## WHAT THE TASK REQUIRES
Starting at the line holding "Remeber(《夏目友人帐》)- Uru |" and finishing at the line holding "From residential to", transcribe the material exactly, keeping both ends but no pictures.
======== STUDY MATERIAL ========
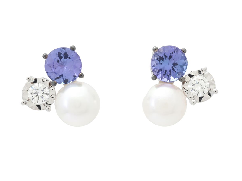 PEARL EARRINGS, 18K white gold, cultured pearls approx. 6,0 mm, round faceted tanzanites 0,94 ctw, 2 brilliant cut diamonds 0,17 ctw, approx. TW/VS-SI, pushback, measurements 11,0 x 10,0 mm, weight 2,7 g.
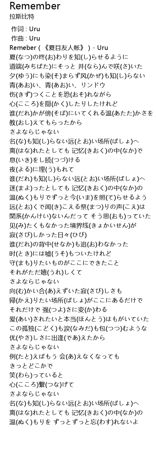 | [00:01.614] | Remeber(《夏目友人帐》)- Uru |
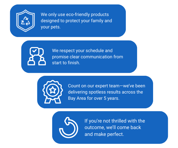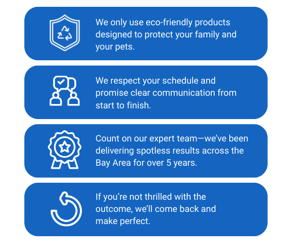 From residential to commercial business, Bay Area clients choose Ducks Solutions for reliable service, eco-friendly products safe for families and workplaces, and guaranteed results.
========
======== STUDY MATERIAL ========
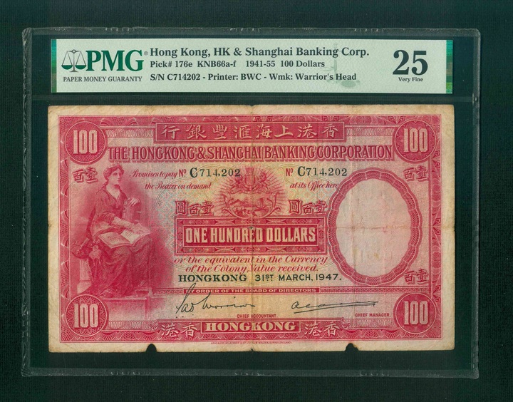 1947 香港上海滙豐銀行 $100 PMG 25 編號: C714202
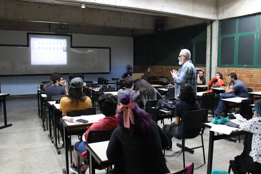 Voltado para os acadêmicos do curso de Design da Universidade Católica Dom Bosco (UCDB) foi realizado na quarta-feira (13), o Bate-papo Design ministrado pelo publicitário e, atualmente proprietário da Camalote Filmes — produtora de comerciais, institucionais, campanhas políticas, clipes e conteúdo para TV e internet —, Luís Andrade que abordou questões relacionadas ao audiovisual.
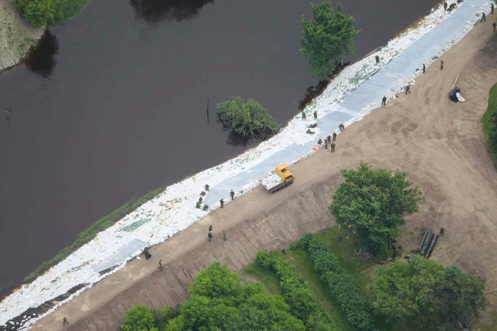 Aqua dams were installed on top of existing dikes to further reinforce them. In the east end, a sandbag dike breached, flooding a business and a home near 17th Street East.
========
## EXERCISE RESPONSE
 | [00:01.614] | Remeber(《夏目友人帐》)- Uru |
 From residential to commercial business, Bay Area clients choose Ducks Solutions for reliable service, eco-friendly products safe for families and workplaces, and guaranteed results.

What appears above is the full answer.